Debconf is the only peice of software I've written that is the first software to implement a spec. It could be the fault of debconf's spec, which I didn't write, but doing this seems to be a fairly sucky process, basically you're taking the result of an abstract committee process and trying to turn it into something useful, and you get to find all the bits that were not thought through. This is a unique problem to first implementations; later implementations can just ignore the spec.

Of course debconf is also one of the more important peices of software I've written, and it also laid a foundation that was used by a lot of other work I did later, including d-i, so the pain was worth it.

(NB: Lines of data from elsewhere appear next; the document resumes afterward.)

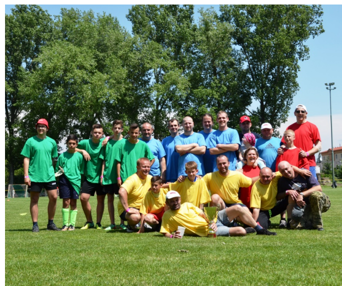
Futbalové družstvá na 3. Berto športovom dni.

Viac informácií nájdete na www.berito.sk alebo nás sledujte na Facebooku Berto – Poctivé mäsiarske remeslo.
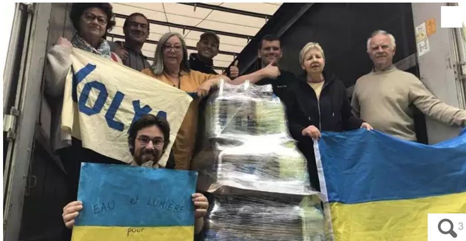
Les bénévoles de Volya lors du chargement du camion parti vers l'Ukraine.

Des bouteilles d'eau, des purificateurs, des bougies, du matériel médical... composent le chargement de l'association Volya à destination de l'Ukraine. Il est parti de Nantes ce lundi 24 avril et devrait arriver jeudi 27 à bon port. Une trentaine d'écoles de Loire-Atlantique ont participé à la collecte.
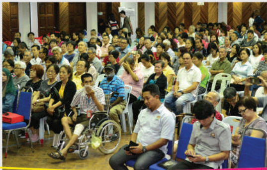
Penyampaian Bantuan Tahun Baharu Cina Yayasan Bandaraya di Dewan Jubli Intan Tarikh: 15 Januari 2020
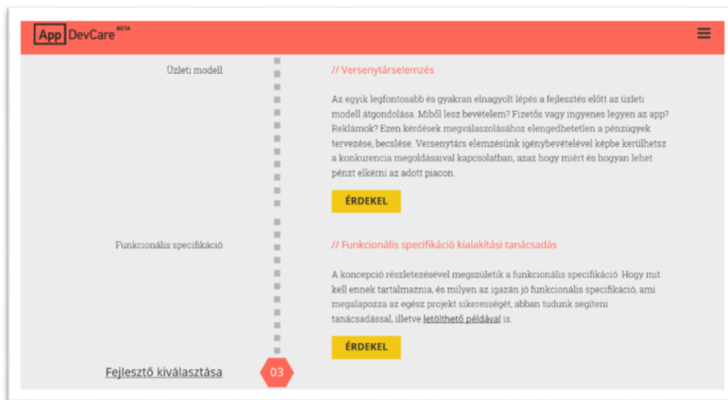
2. ábra - Az ideális fejlesztési folyamat a kapcsolódó szolgáltatásokkal

Az AppDevCare projekt keretében kialakításra került egy saját mobilkutatási panel, melynek felhasználásával kvalitatív kutatásokat lehet véghez vinni. A keretrendszer megalkotása során létrejött egy széleskörű tudásbázis és know-how a mobilsoftver fejlesztés területén, mely a Tengen Kft-ben már rendelkezésre álló piackutatási-tanácsadási kompetenciákkal kombinálva lehetővé teszi a szolgáltatás nyújtását.
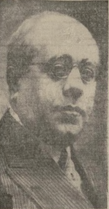
Don Manuel Azaña
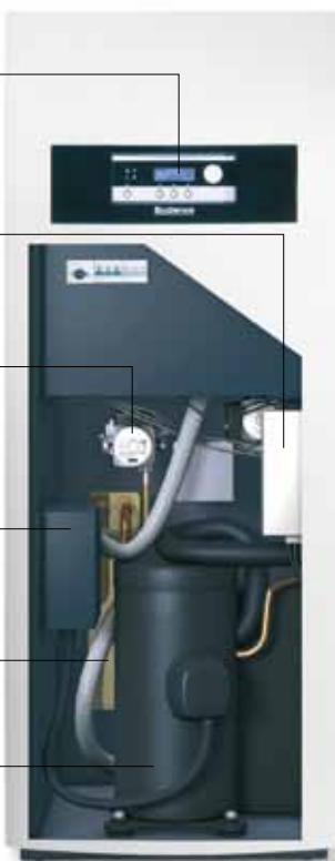
Logatherm WPS 6-17 кВт

Обеспечивает высокую продуктивность теплового насоса, но при этом работает тихо благодаря оптимизированным рабочим дискам.
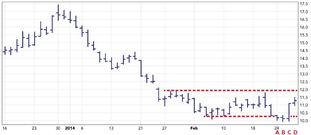
FIGURA 3.8 Gráfico diario de Walter Energy Inc. (WLT).
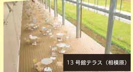
13号館テラス (相模原)
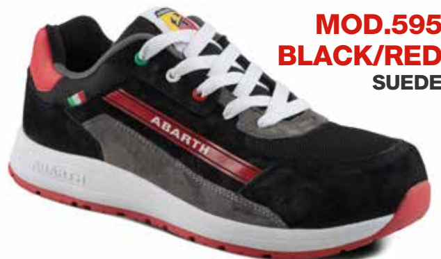
MOD.595 BLACK/RED SUEDE
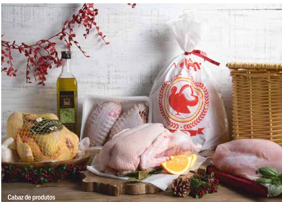
Cabaz de produtos
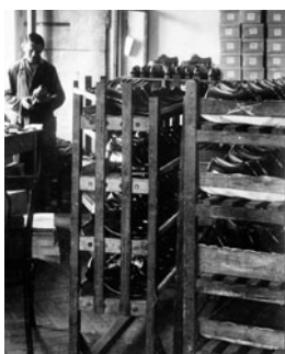
Poslední fáze dokončení obuvi byla v dodělavací dílně.
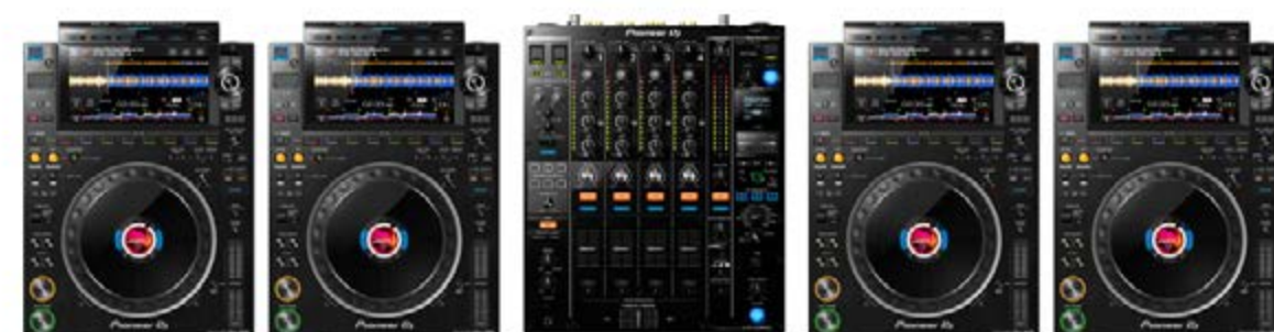
CDJ3000 CDJ3000 DJM900 NXS2 CDJ3000 CDJ3000
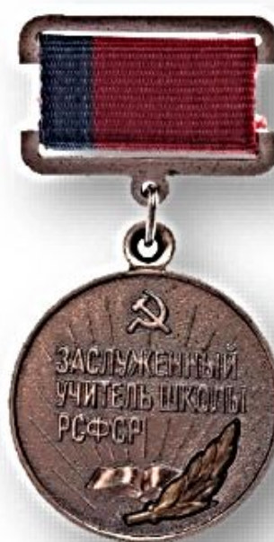
Нагрудной знак «Заслуженный учитель РСФСР»
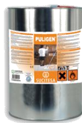
PULIGEN® MULTIUSOS Captador de polvo
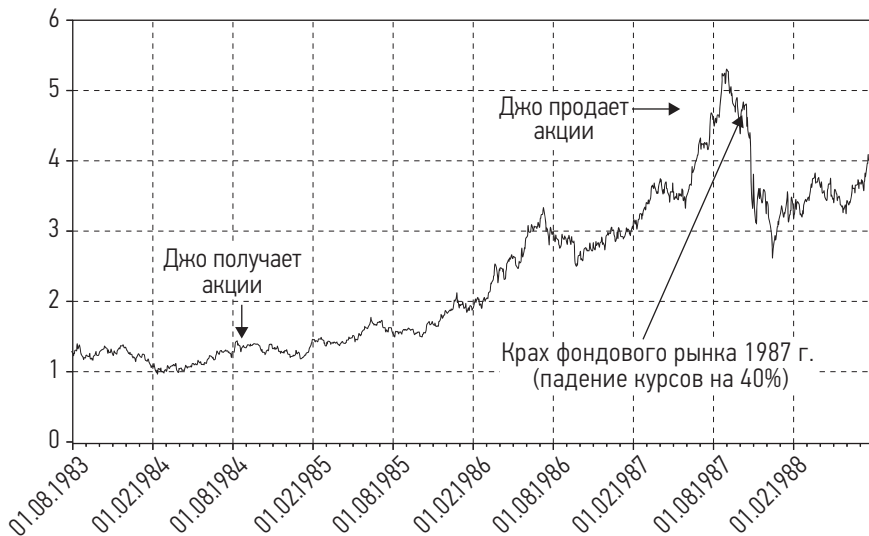
Рис. 1.1. Бурный рост и резкое падение курса акций Wal-Mart, 1983–1988 гг.
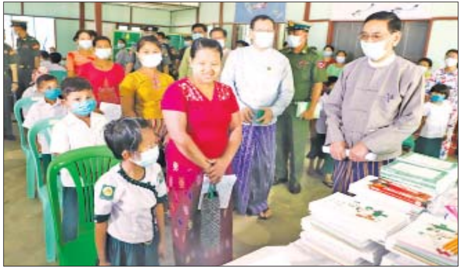
သစ်ပင်စိုက်ပျိုးပွဲနှင့် ကျောင်းအပ်နှံရေးနေ့ အခမ်းအနားကျင်းပ
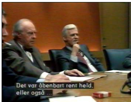
FDV's tilladte VHS-udgave

Come to think of it, in d-i I took the approach of writing a spec and mostly letting other people work out all the tricky bits it didn't anticipate, but that's another story..

As to the code, it was my second foray into OO perl, after perlmoo, and it kinda shows. The shell code parts used to be the kind of shell a brain scarred by working on shoop will produce too, though they've since been sanified.

It seems like in the end it's going to be harder to transition everything over to the second implementation of the spec, cdebconf, than it was to write debconf in the first place. Still, I want to do it, since we have to have cdebconf for d-i and there's no point in mostly the same people maintaining two parallell implementations. Although some parts of cdebconf don't match the power of debconf, I doubt many people will notice.